Еврейский вопрос / Необыкновенная история
Шрифт:
“Вот вы говорите теперь, — перебил он, — что я поручил Макарову передать вам о желании видеться с вами, а я ему ни слова не говорил!” — солгал он опять.
“Я не приписываю этому никакой важности, — сказал я. — Оставим это! Но мне все это наскучило”. (Я разумел — эти подсылки кумовьев и прихвостней, выведывания, все эти гадкие тревоги, чтоб не давать мне писать).

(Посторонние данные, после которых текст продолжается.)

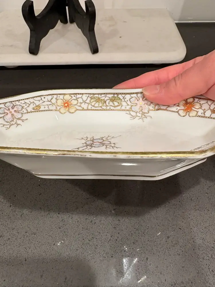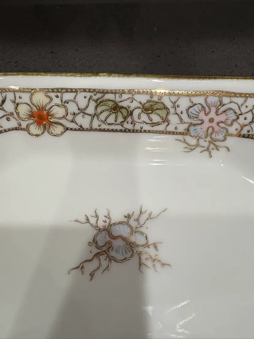 Antique Nippon Relish Dish With Gold Moriage Floral

“Не хочу разбирать, насколько тут правы или виноваты другие: очевидно, конечно, что они тут впутываются между нами, может быть, кому-нибудь нравится ссорить нас, не знаю их целей, а знаю только, что ничего подобного ни до нас не было, ни после нас не будет — таких сходств случайно быть не может! Предлагаю вам вот что: быть друг другу чужими, стать опять друг к другу в то положение, в каком мы были до смерти Дружинина. Может быть, покойнее будет. Мы не говорили и не кланялись: поклон я готов всегда отдать при встрече…” — “Ну, хорошо, хорошо! Пускай, пускай! Не надо и поклона!” —
И мы разошлись. Разговор передан с буквальною точностью. Не знаю, как он передал его своим друзьям. Я передал его только одной или двум очень скромным особам. Не думаю, чтобы они пересказали его кому-нибудь.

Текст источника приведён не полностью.